19 Jul 2021 - {{hitsCtrl.values.hits}}      

Kicking off the June quarter earnings season, Keells Food Product PLC (KFP) reported lower earnings for the three months ended in June 30, 2021 (1Q22), largely due to the lockdown effect on consumer spending. 


KFP, as Sri Lanka’s largest processed meat producer, reported revenues of Rs.887.5 million for the quarter under review, up 31 percent year-on-year (YoY) predominantly on lower base effects. 


In the company’s fourth fiscal quarter ended in March 31, 2021 the sales soared to Rs.1.04 billion as it rode on robust consumer demand for processed foods that continued in the lead up to the New Year holidays. 

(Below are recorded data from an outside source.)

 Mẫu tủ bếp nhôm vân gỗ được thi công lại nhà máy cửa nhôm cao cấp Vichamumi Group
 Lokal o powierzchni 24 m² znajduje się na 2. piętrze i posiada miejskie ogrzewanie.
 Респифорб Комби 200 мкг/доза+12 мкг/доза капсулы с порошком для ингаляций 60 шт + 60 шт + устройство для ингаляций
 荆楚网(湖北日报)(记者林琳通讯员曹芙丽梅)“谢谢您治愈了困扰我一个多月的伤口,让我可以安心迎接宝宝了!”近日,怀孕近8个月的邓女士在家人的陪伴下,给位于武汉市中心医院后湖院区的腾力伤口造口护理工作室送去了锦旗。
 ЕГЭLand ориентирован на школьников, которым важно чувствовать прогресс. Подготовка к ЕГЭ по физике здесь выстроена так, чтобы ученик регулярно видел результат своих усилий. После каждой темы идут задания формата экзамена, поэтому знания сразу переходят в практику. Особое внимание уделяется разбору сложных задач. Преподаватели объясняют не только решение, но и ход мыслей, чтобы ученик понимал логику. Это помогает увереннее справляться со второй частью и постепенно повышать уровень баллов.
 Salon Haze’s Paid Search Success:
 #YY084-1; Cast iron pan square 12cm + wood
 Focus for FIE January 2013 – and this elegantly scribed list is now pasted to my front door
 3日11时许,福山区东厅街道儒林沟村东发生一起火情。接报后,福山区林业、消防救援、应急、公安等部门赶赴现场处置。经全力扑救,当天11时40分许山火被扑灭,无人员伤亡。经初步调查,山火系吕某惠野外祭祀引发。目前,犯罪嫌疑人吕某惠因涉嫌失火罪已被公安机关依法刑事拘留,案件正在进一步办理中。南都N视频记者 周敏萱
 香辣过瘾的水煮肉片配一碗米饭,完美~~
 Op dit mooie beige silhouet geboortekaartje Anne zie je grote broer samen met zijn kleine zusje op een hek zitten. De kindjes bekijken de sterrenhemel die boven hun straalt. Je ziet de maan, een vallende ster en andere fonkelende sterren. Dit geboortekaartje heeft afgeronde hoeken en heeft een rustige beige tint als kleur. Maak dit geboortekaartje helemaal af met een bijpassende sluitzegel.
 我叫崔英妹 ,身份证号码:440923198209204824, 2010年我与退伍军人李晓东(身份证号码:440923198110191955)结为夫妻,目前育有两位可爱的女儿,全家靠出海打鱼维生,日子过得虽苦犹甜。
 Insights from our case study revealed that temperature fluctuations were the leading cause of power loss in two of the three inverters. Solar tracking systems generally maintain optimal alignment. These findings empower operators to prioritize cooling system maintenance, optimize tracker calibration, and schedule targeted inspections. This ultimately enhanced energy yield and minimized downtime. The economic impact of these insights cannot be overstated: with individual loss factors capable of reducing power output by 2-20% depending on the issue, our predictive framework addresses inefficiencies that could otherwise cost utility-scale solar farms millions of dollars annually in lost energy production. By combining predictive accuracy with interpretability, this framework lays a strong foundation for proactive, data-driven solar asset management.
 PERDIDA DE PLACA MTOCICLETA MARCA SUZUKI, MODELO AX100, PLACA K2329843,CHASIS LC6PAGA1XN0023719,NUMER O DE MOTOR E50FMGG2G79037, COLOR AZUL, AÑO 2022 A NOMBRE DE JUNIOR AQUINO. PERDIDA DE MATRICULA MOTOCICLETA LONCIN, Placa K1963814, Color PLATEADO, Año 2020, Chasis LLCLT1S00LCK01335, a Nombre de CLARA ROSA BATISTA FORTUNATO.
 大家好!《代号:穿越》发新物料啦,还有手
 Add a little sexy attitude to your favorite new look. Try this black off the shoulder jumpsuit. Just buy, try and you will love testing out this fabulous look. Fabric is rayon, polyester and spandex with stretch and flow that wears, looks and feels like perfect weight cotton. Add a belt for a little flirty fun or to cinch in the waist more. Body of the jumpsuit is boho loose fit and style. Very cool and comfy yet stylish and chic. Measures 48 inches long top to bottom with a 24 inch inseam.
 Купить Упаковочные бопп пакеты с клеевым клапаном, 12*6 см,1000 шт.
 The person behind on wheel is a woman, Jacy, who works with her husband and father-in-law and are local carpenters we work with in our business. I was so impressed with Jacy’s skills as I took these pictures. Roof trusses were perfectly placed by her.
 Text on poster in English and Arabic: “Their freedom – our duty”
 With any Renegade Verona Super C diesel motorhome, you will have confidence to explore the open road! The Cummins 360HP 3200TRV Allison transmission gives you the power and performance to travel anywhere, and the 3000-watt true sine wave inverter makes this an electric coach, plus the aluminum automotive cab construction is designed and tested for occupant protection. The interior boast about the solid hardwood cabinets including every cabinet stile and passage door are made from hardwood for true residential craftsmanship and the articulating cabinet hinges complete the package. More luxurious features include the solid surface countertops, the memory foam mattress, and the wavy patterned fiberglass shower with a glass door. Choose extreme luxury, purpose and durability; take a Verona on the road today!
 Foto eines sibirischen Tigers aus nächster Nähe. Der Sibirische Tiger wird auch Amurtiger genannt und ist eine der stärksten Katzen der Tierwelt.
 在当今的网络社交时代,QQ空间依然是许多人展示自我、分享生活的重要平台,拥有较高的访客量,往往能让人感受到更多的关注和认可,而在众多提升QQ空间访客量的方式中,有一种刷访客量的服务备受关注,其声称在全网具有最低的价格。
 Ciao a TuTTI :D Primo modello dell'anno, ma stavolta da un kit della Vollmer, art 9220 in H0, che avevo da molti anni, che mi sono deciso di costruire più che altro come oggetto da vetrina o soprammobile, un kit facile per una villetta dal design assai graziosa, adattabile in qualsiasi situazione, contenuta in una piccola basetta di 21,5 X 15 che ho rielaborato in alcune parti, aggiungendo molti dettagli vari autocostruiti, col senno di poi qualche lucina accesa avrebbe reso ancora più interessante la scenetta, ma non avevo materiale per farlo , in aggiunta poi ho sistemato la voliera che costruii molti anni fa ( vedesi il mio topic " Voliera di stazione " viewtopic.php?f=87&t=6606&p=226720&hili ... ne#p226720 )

In a reflection of higher input prices, the firm’s cost of sales rose 35 percent YoY to Rs.673.9 million, which weighed on margins.


KFP Chairman Krishan Balendra in his annual review released in May said the company had faced challenges in sourcing key raw materials such as chicken and pork, stemming from import restrictions on animal feed which led to the increase in production costs. The depreciating rupee had also added to these woes. 


The producer of Krest and Elephant House branded processed meat products reported earnings of 80 cents a share or Rs.20.5 for the three months under review compared to earnings of Rs.1.64 a share or Rs.41.7 million in the corresponding period of 2020. 


The John Keells Group held 89.95 percent stake in KFP as of June 30, 2021 and the company’s share ended 75 cents or 0.44 percent higher at Rs.169.75 last Friday.